I was too surprised to keep it to me; I relaxed my hold. The instant I did so the figure, thus released, stood upright like a young birch the wind sets free. The figure looked alive. The hair fell loose, untidily, the puny face wore colour, the eyes had fire in them. I saw that fire. It was a message. Memory stirred faintly in me.

"Ah!" I cried. "I've helped you anyhow a little!"

The scene that followed filled me with such trouble and bewilderment that I cannot recall exactly what occurred. The figure seemed to spit at me, yet not with grace and invitation. There was no sign of gratitude. I was entirely misunderstood, it seemed. Bells rang, as the figure rushed to the door and flung it open. It called aloud; similar, though quite lifeless figures came in answer and filled the room. A doctor—Devonham, they called him—followed them. I was most carefully examined in a dozen curious ways that tickled my skin a little so that I smiled. But I lay quite still and silent, watching the whole performance with a confusion in my being that baffled my comprehending what was going on. Most of the figures were frightened.

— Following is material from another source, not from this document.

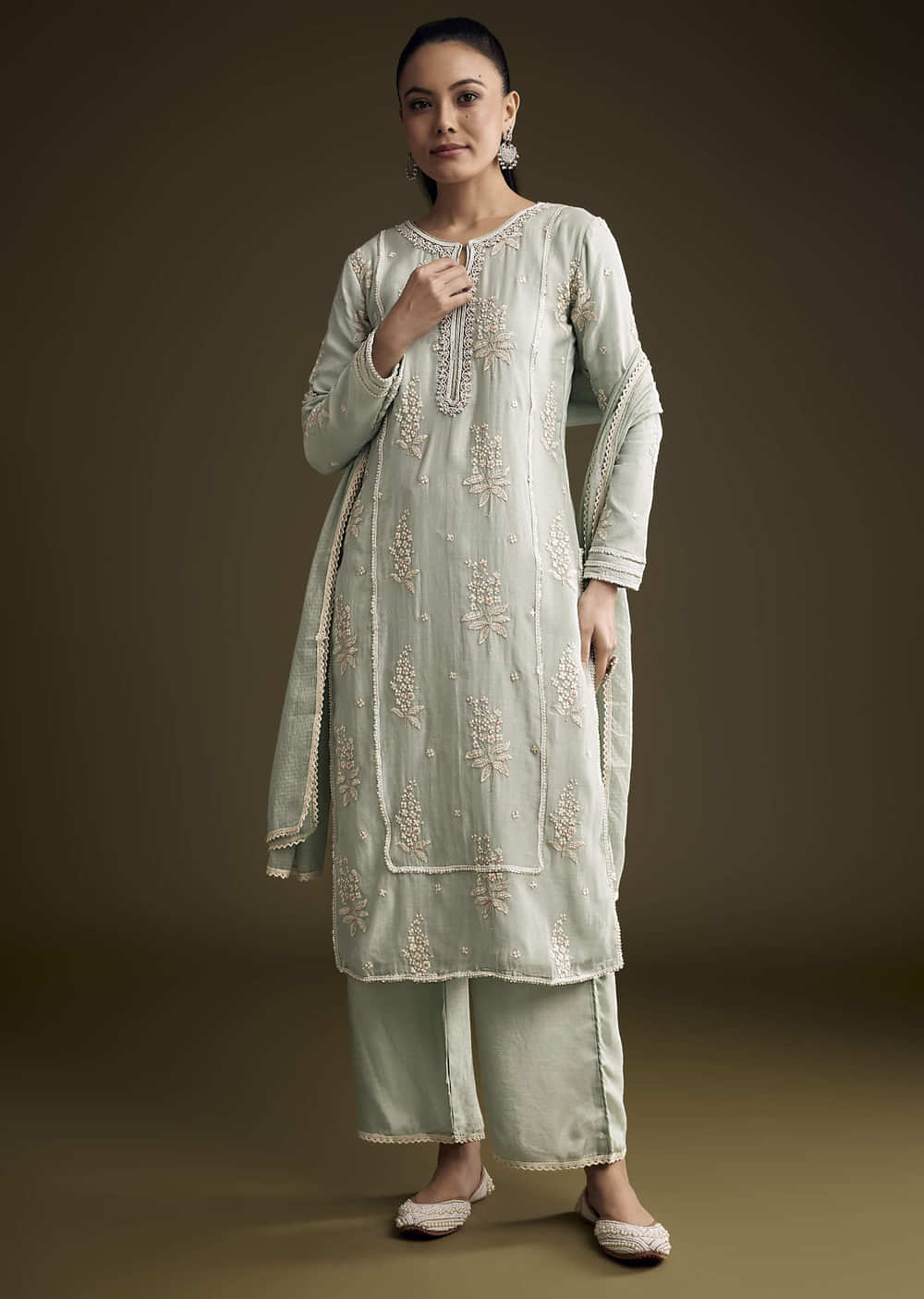 For everyday polish with craft, this blue cotton kurta set keeps the look breathable and tidy. Resham work adds quiet texture across the kurta for a subtle lift. You feel... More Product Details

Then the doctor gave place to Fillery, whose name has rhythm.

To him I spoke at once:

"I wished to comfort and revive her," I told him. "She is so starved. I was most gentle. She brings a message only."

He made no reply, but gazed at me with the corners of his mouth both twitching, and in his eyes—ah, his eyes had more of the sun in them—a flash of something that had known fire, at least, if it had not kept it.

"My God! I worship thee," I murmured at the glimpse of the Power I must own as Master and creator of my being. "Even when thou art playful, I adore thee and obey."

Then four other figures, shaped like the doctor but wholly mechanical, a mere blind weight operating through them, held my arms and legs. Not the least desire to move was in me luckily. I say "luckily," because, had I wished it, I could have flung them through the roof, blown down the little walls, caught up a dozen figures in my arms, and rushed forth with them towards the Powers of Fire and Wind to which I belonged.

Could I? I felt that I could. The sight of the true fire, small though it was, in the comely figure's and the doctor's eyes, had set me in touch again with my home and origin. This touch I had somehow lost; I had been "ill," with what they called nervous disorder and injured reason. The lost touch was now restored. But, luckily, as I said, there was no desire in me to set free these other figures, to help them in any way, after the reception my first kindly effort had experienced. I lay quite still, held by these four grotesque and puny mechanisms. The comely one, with the others similar to her, had withdrawn. I felt very kindly towards them all, but especially towards the doctor, Fillery, who had shown that he knew my deity and origin. None of them were worth much trouble, anyhow. I felt that too. A mild, sweet-toned contempt was in me.